UN peacekeeping force in Lebanon urges 'maximum restraint' after Israel, Hezbollah trade cross-border fire
"UNIFIL is following up on the firing across the Blue Line" between Lebanon and Israel, said Andrea Tenenti, spokesman for the UN Interim Force in Lebanon.
UNIFIL chief "Major General Stefano Del Col is in contact with the parties urging the maximum restraint and asked to cease all activities," he told AFP.
Israel said it returned fire on Sunday after anti-tank missiles from Lebanon hit targets inside its territory, raising fears of a serious escalation with Hezbollah after a week of rising tensions.
Hezbollah claimed it destroyed an Israeli military vehicle and killed and wounded those inside, but Israel has not commented in detail.
Lebanon's Prime Minister Saad Hariri urged the United States and France to intervene, contacting US Secretary of State Mike Pompeo and French President Emmanuel Macron's diplomatic adviser to do so.

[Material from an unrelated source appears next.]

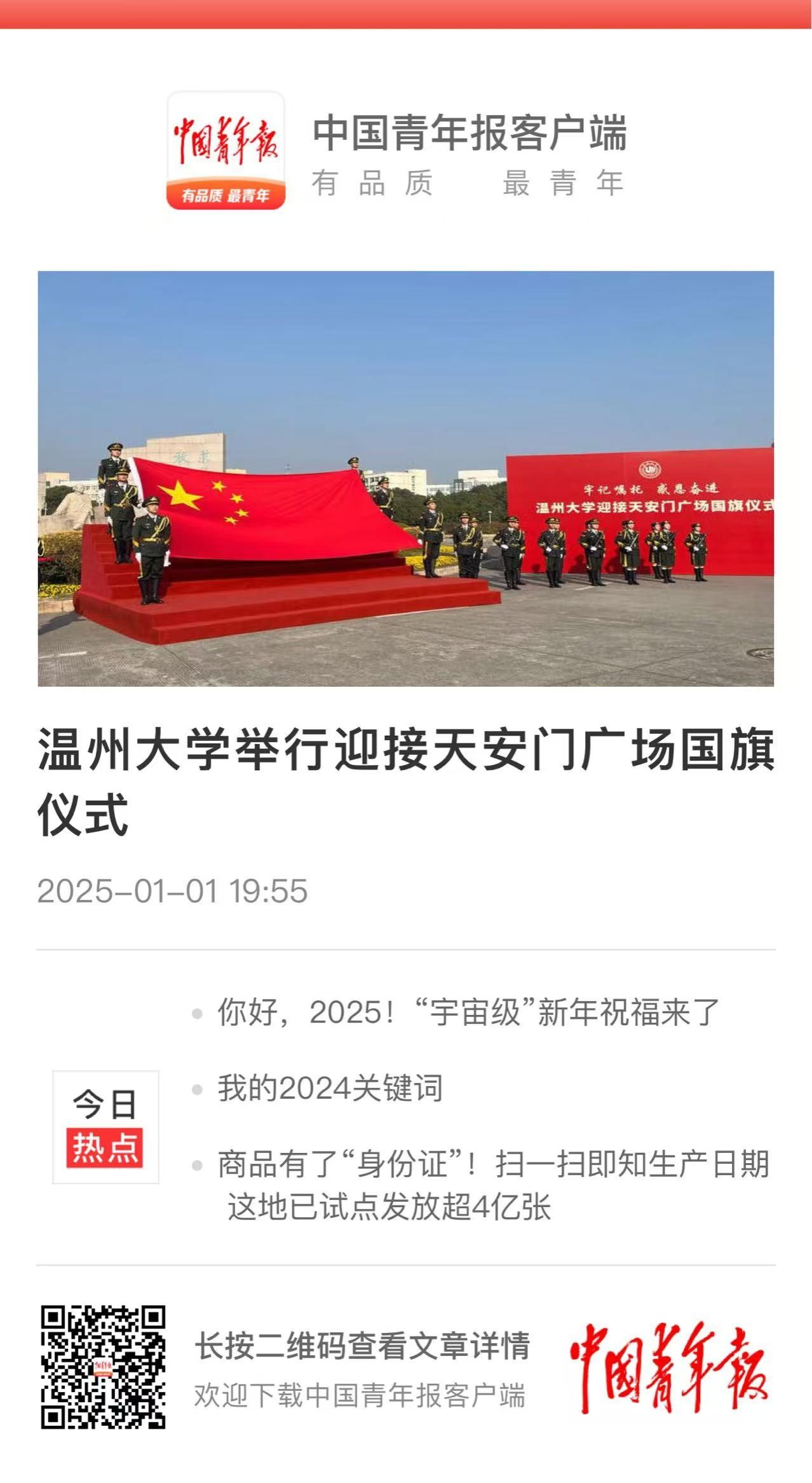 今天,2025年新年的阳光照耀大地,浙江省beat365官方网站举行迎接天安门广场国旗仪式。2023年5月19日beat365官方网站办学90周年校庆日在天安门广场升起的国旗,跨越1500多公里,从天安门广场来到beat365官方网站,千余名师生代表参与迎旗。

Tensions have risen in the last week between Israel and its enemy Hezbollah, the Lebanese Shia movement backed by Iran.
Hezbollah chief Hassan Nasrallah said on Saturday the group's response to an alleged Israeli drone attack on the group's Beirut stronghold had been "decided".

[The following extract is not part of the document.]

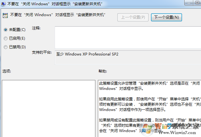 8.选择 不要在“关闭Windows”对话框显示“安装更新并关机”并双击

The pre-dawn August 25 attack involved two drones - one exploded and caused damage to a Hezbollah-run media centre and another crashed without detonating due to technical failure.
Israel has not claimed responsibility for the incident.
Sunday's escalation comes just ahead of Israel's September 17 election.
Israeli Prime Minister Benjamin Netanyahu is seen as wanting to avoid a major conflict before then due to the political risk involved, but he has also warned Lebanon and Hezbollah to "be careful."
Addressing Nasrallah, Netanyahu told a conference in Jerusalem on Tuesday that "he knows very well that the state of Israel knows how to defend itself well, and to repay its enemies".
He suggested that Nasrallah "calm down".
But while Nasrallah has issued warnings to Israel, Hezbollah's number two Naim Qassem in an interview with Russia Today last week played down talk of a "war atmosphere."
"The atmosphere is an atmosphere of response to an aggression," he said.
A 2006 war between Israel and Hezbollah took the lives of 1,200 Lebanese, mostly civilians, and more than 160 Israelis, mostly soldiers.